● **EXERCISE DIRECTIONS**: Print word for word whatever lies between the first line of the material and the line holding "大きいサイズ 綿100%ドットプリントコートワンピース【Otona Purete】", both included, and omit all pictures.

● **DATASET EXCERPT**:
★ ★ ★ ★ ★

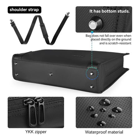 Ar jūs einate į biurą, ar į kavos parduotuvę užbaigti projektą, šis krepšys išlaiko jūsų būtiniausius daiktus tvarkingus ir lengvai pasiekiamus. Jo lengva konstrukcija leidžia jį nešioti visą dieną, todėl galite išlikti produktyvūs, nesijaučiant apkrautiems.
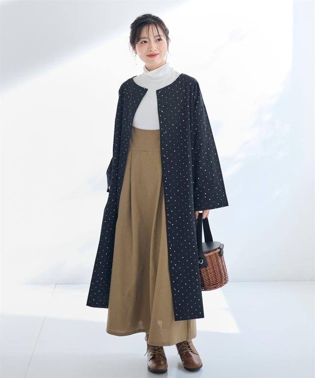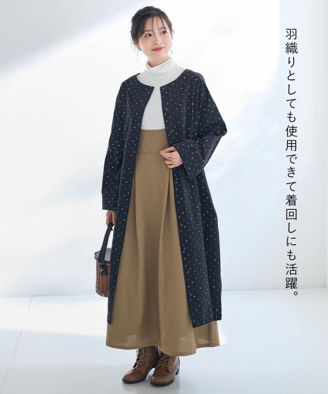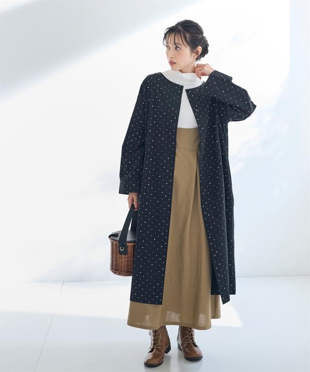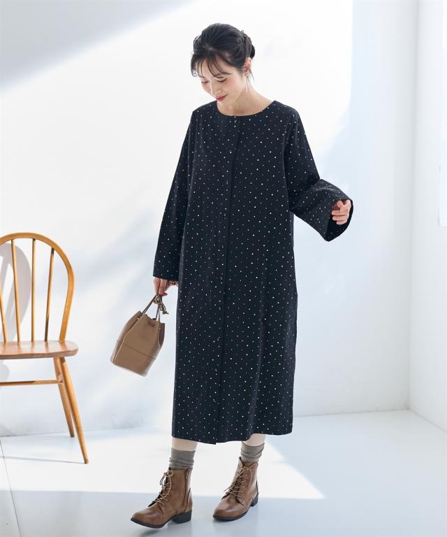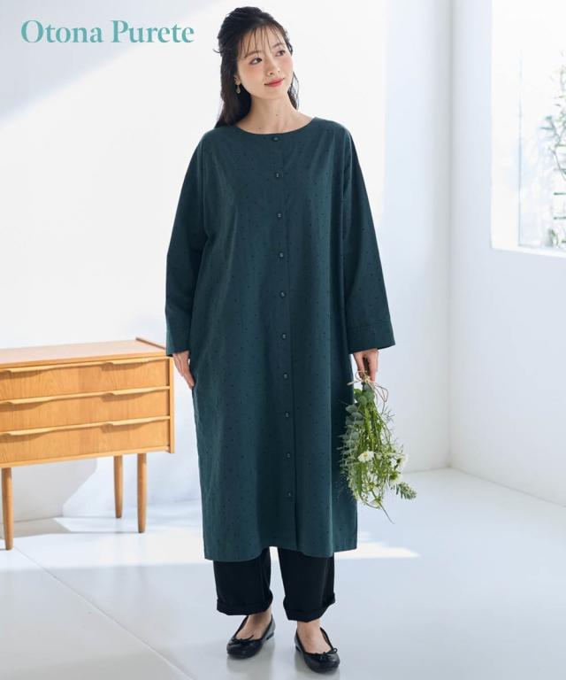 大きいサイズ 綿100%ドットプリントコートワンピース【Otona Purete】
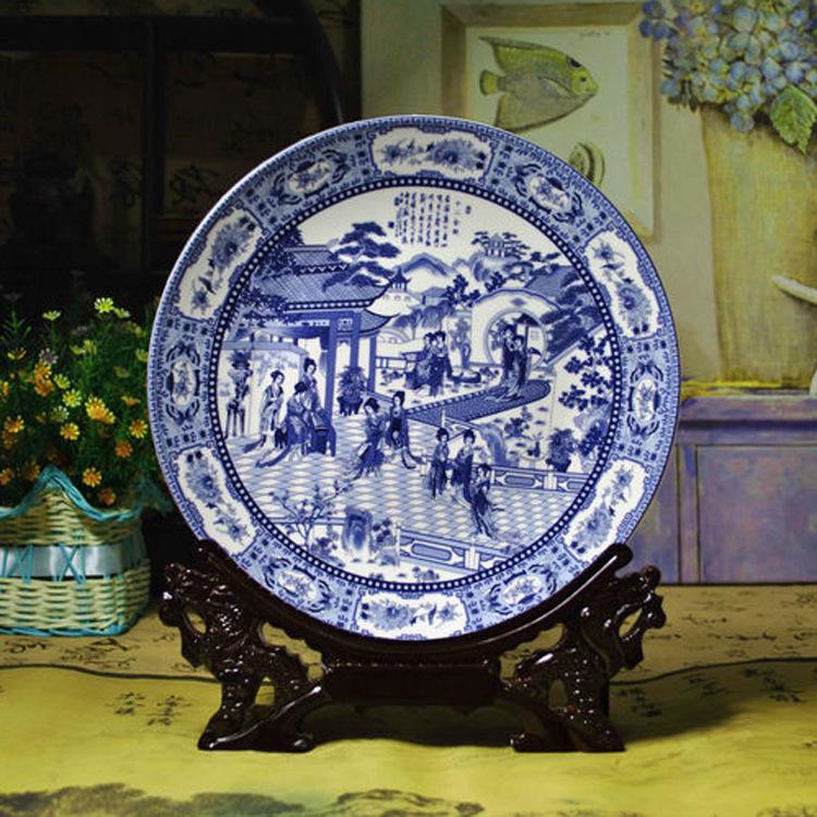 Сине-белая креативная тарелка - Двенадцать золотых шпилек, 35 см Изысканное керамическое украшение Elegant Porcelain Impression

★ ★ ★ ★ ★

● **REPLY**:
 Ar jūs einate į biurą, ar į kavos parduotuvę užbaigti projektą, šis krepšys išlaiko jūsų būtiniausius daiktus tvarkingus ir lengvai pasiekiamus. Jo lengva konstrukcija leidžia jį nešioti visą dieną, todėl galite išlikti produktyvūs, nesijaučiant apkrautiems.
 大きいサイズ 綿100%ドットプリントコートワンピース【Otona Purete】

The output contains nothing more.